SPI represents the ease of sediment erosion and TWI represents the potential accumulation of groundwater [51], both of which are essential explanatory variables in assessing the risk of shallow landslides [44,45]. SPI and TWI are defined by the following formulas [51]:
S P I = A s tan β
T W I = l n ( A s / tan β )
where As is the catchment area (m2) and β is the slope angle (rad). Using this equation, SPI and TWI were calculated for each mesh. Then, the raster data of SPI and TWI were overlaid with SU data, and the average values of SPI and TWI for each SU dataset were calculated and used for analysis.
Surface geology (hereinafter referred to as geology) is an indicator that is deeply related to the strength of slopes. Safaei et al. [48] reported that geological divisions of the Paleogene and Neogene were important parameters for the occurrence of shallow landslides compared to other geological divisions.
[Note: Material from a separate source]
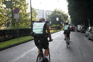 Un’idea, come già detto, nata dall’incontro di tre amici “di pedale”. Si inizia con Roberto Peia, 54 anni, giornalista professionista, dalla mountain bike alla bici da corsa e a quella a scatto fisso: le ama tutte e tre. Ed è convinto che, soprattutto in una grande metropoli, la bicicletta non sia solo il miglior mezzo di trasporto, ma un fantastico mezzo di comunicazione. E poi Andrea Vulpio, 27 anni, cuoco con la passione delle due ruote e della fotografia. Conclusi con successo gli studi, dopo aver lavorato per otto anni nelle cucine dei ristoranti milanesi decide di lasciare un segno nella sua città. Deciso, mirato ma sopratutto ecologico. Cercando collaboratori per il suo progetto, trova altri folli sognatori con in testa una Milano a misura di bicicletta. Infine Luca Pietra, 26 anni, neolaureato in ingegneria energetica, tornato da poco a Milano dopo tre anni di studi in Svezia tra Uppsala e Stoccolma, dove scopre i bike messengers; decide di importare l’idea, per dare un contributo concreto al miglioramento del traffico e della qualità dell’aria in una città che per anni ha vissuto quotidianamente, con passiva sofferenza, da ciclista.

For the creation of geological data, we referred to the Aso Volcanic Geological Map published by the Industrial Research Institute [52]. The volcanic activity of Aso is divided into three periods: the pre-caldera volcanic activity period before the formation of the caldera, the caldera formation period with repeated caldera eruptions, and the post-caldera activity period after the formation of the caldera [53]. Each period’s ejecta is considered to have different geological and petrological characteristics [54]. The ejecta from the pre-caldera activity period is called pre-Aso volcanic lavas [54], mainly composed of biotite rhyolite, pyroxene andesite, and basalt [55]. The ejecta from the caldera formation period is caused by four pyroclastic flows, and mainly consists of non-welded volcanic ash and welded tuff [55]. In the post-caldera activity period, various magma from basalt to rhyolite erupted, forming the central cone group. In the volcanic geological map, the geology of the central cone group is classified into tuff, scoria, volcanic ash, pumice, etc. [55]. In addition, it has been revealed that the surface of the central cone group is volcanic ash and soil layers deposited by volcanic activity over the past 3000 years [56]. From these findings, in this study, the geological classification was divided into five categories: pre-Aso volcanic lavas, welded tuff, volcanic ash deposited at the time of caldera formation (pre-caldera), pyroclastic material including volcanic ash and pumice, and unconsolidated deposits composed of sand and silt. We overlaid the raster data of the divided geology with SU data and used the geological item with the largest area within the SU as the dominant geological item for analysis.
The creation of vegetation data used the Basic GIS Data for Nature Conservation published by the Nature Conservation Bureau of the Ministry of the Environment [57]. Taking into account factors such as tree species, communities, and the condition of root systems, the vegetation data were classified into 13 categories: coniferous forest, broadleaf forest, broadleaf secondary forest, pine tree, valley forest, riparian forest, shrub forest, bamboo, secondary grassland, farmland, pasture, residential land, wetland, and others. The raster data of the vegetation and SU data were overlaid, and the vegetation item with the largest area within the SU was used for analysis.
In addition to the above primary factors, curvature affects the acceleration and deceleration, convergence, and divergence of water flow on the slope surface, which can influence shallow landslides [46], and could also be an indicator of topographic features such as ridges and valleys. However, the SU set as the analysis units in this study is expressed as an area enclosed by ridge lines and valley lines, and it was considered inappropriate to discuss topographic characteristics for each SU dataset using curvature. Therefore, curvature was excluded from the primary factors. Soil thickness is an important parameter for physically discussing the occurrence of shallow landslides, but there was no information to quantitatively show the soil thickness of the entire target area, so soil thickness was excluded from the primary factors. Although the history of landslides could be an indicator when considering the potential susceptibility of a slope to landslides, we could not obtain detailed information on the history of landslides in the area targeted in this study, so we excluded it from the primary factors. Regarding forest roads, it has been pointed out that forest roads can cause shallow landslides by changing the flow of groundwater and increasing the pore water pressure on the slope above the forest road [58]. However, in the area targeted for analysis in this study, there were few forest roads, so we excluded them from the primary factors.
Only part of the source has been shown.